**Information shown**
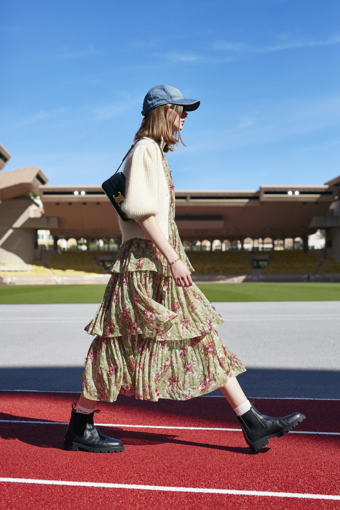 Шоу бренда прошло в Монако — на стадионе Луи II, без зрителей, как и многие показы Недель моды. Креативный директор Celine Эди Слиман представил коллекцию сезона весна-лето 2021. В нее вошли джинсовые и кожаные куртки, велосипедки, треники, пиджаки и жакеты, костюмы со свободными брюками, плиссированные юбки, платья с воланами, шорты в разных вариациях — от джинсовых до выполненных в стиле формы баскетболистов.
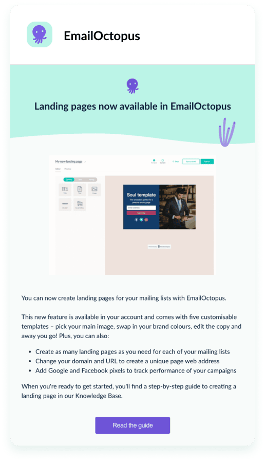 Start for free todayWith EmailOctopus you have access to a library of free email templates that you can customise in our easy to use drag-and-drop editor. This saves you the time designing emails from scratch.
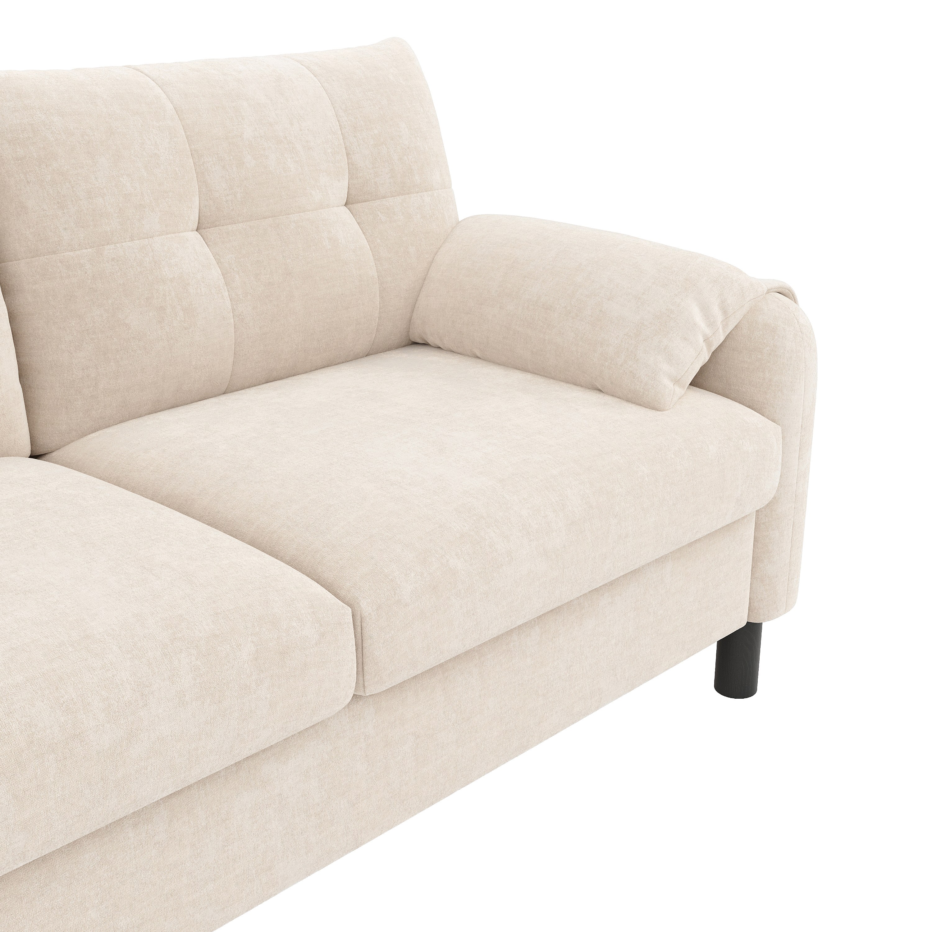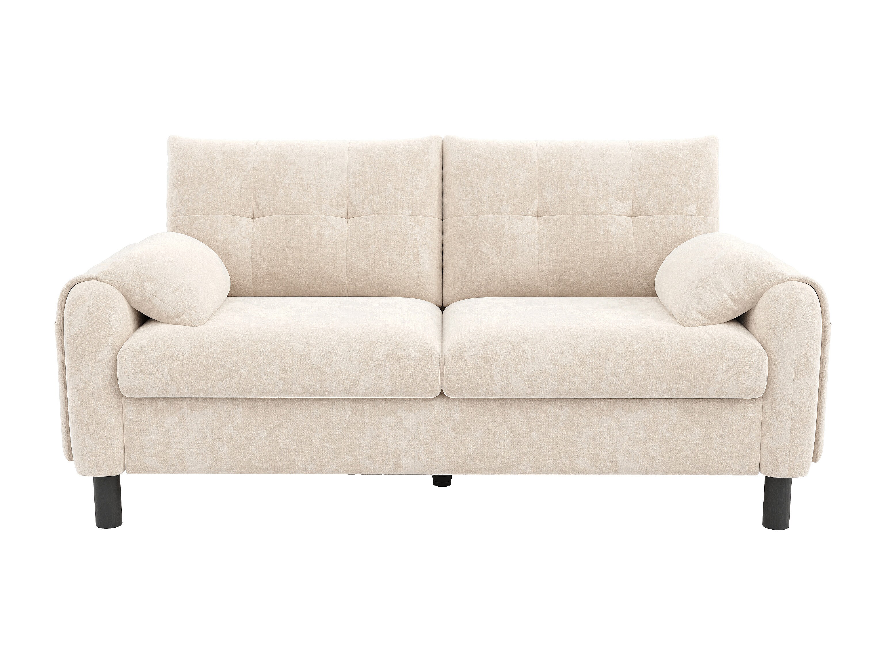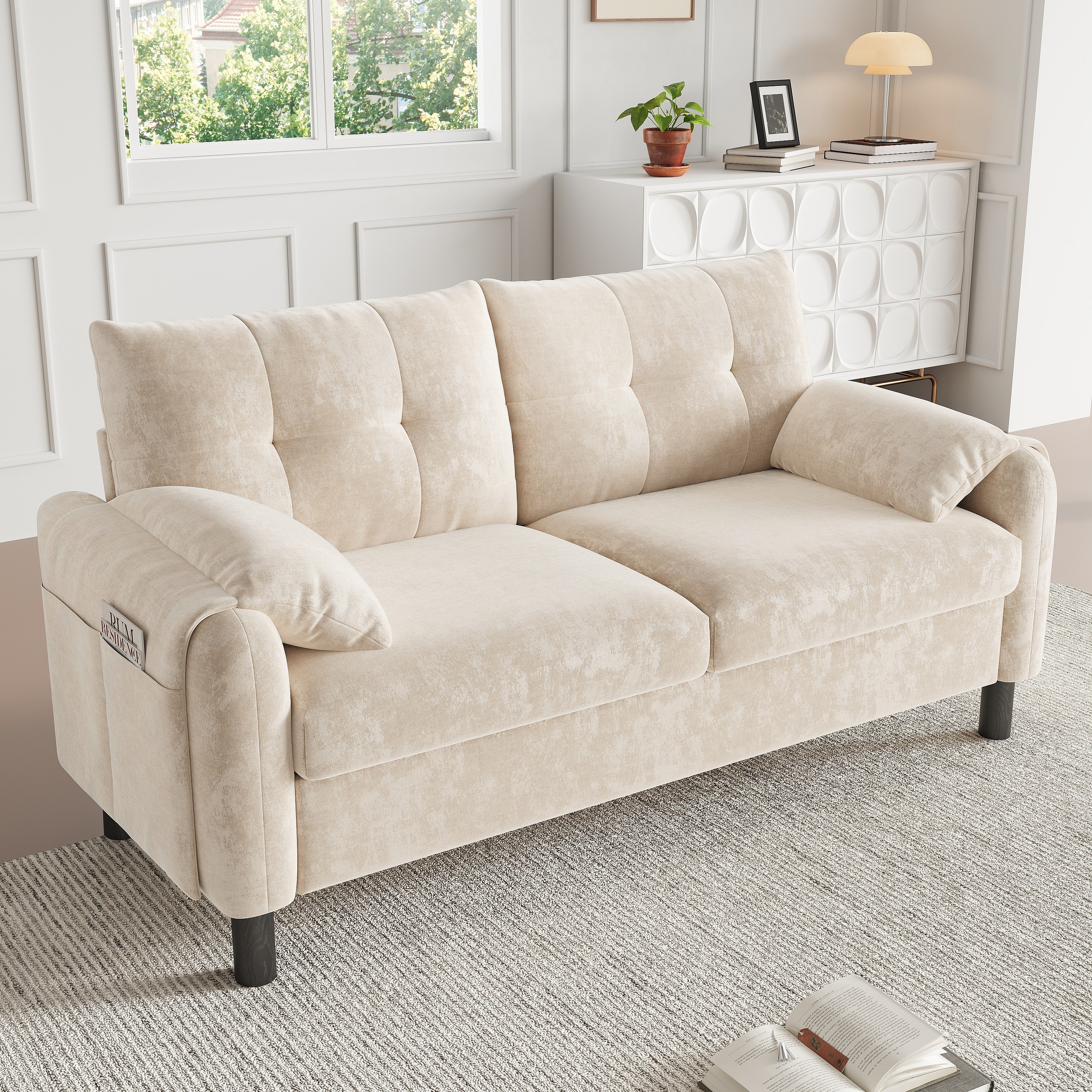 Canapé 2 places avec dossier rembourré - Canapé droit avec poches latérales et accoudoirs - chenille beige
---
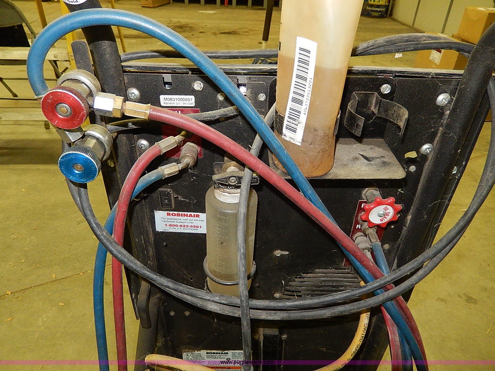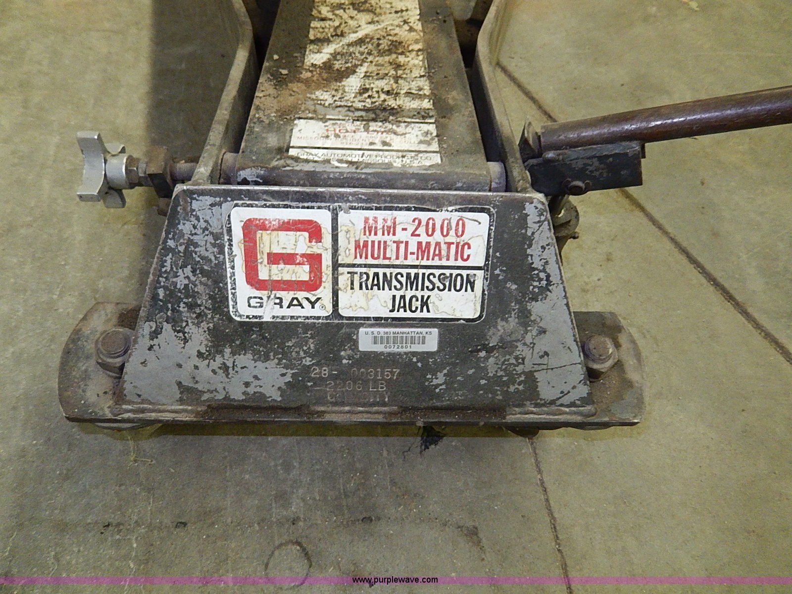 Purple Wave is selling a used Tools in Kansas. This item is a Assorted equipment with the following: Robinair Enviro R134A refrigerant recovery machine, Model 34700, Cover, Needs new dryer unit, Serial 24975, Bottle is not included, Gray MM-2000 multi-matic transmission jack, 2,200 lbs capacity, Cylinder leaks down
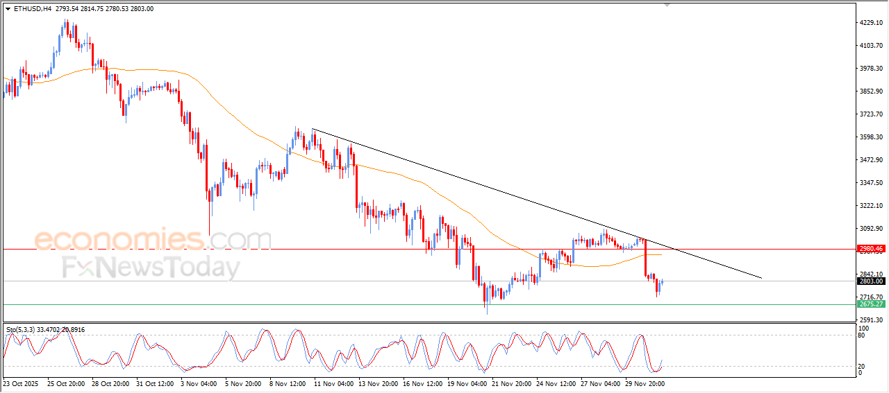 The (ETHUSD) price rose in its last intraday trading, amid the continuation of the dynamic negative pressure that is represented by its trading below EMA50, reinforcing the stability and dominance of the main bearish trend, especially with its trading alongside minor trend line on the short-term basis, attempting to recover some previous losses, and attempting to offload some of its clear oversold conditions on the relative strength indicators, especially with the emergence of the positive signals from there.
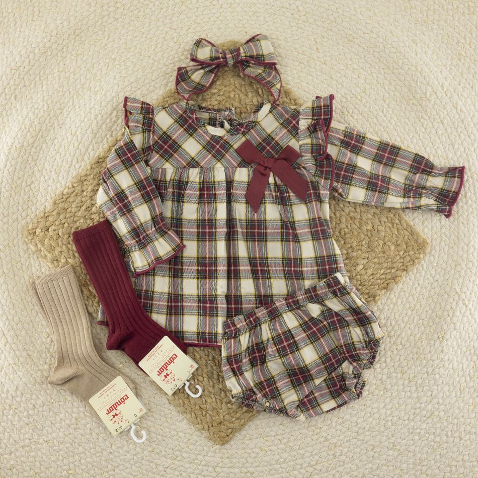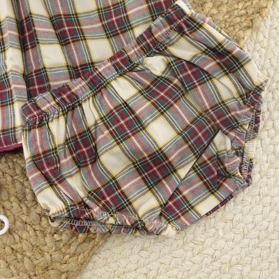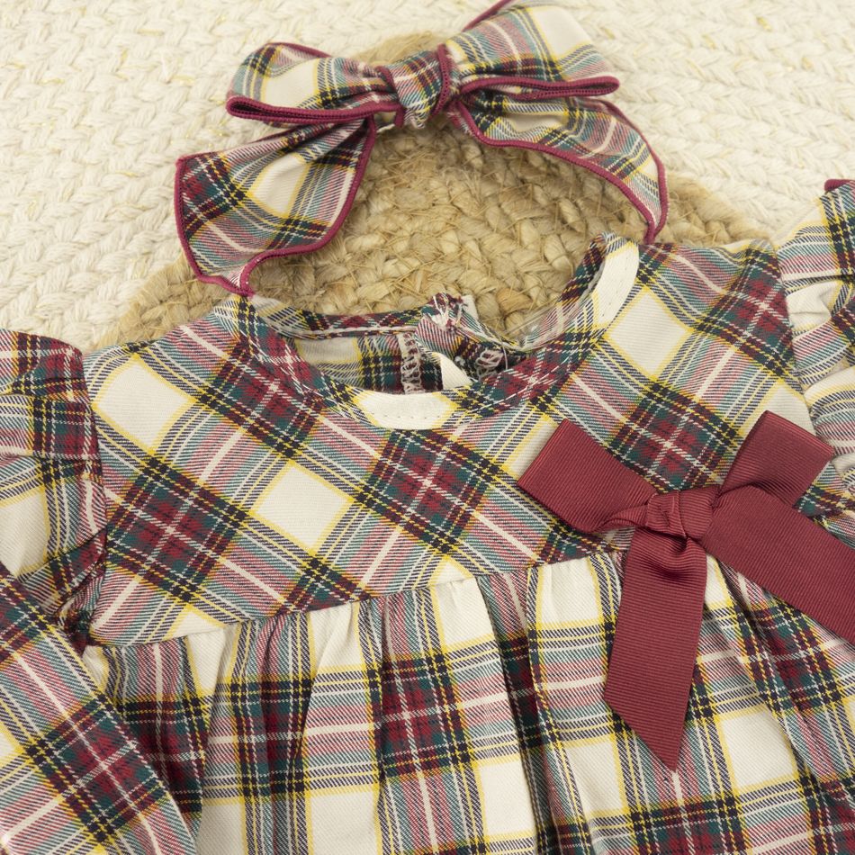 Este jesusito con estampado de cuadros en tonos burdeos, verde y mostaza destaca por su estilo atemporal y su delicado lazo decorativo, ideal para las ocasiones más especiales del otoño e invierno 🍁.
--
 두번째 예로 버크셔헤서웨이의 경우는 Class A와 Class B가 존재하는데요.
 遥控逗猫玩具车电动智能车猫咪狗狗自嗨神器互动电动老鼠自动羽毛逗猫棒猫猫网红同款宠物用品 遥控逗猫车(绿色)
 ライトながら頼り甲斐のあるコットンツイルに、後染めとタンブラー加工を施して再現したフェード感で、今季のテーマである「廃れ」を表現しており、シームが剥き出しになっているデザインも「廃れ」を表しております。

**Prompt**
Using the records above, print exactly the lines between the ones containing "Шоу бренда прошло" and "Canapé 2 places", inclusive, and nothing else; no pictures.

**Answer for the task**
 Шоу бренда прошло в Монако — на стадионе Луи II, без зрителей, как и многие показы Недель моды. Креативный директор Celine Эди Слиман представил коллекцию сезона весна-лето 2021. В нее вошли джинсовые и кожаные куртки, велосипедки, треники, пиджаки и жакеты, костюмы со свободными брюками, плиссированные юбки, платья с воланами, шорты в разных вариациях — от джинсовых до выполненных в стиле формы баскетболистов.
 Start for free todayWith EmailOctopus you have access to a library of free email templates that you can customise in our easy to use drag-and-drop editor. This saves you the time designing emails from scratch.
 Canapé 2 places avec dossier rembourré - Canapé droit avec poches latérales et accoudoirs - chenille beige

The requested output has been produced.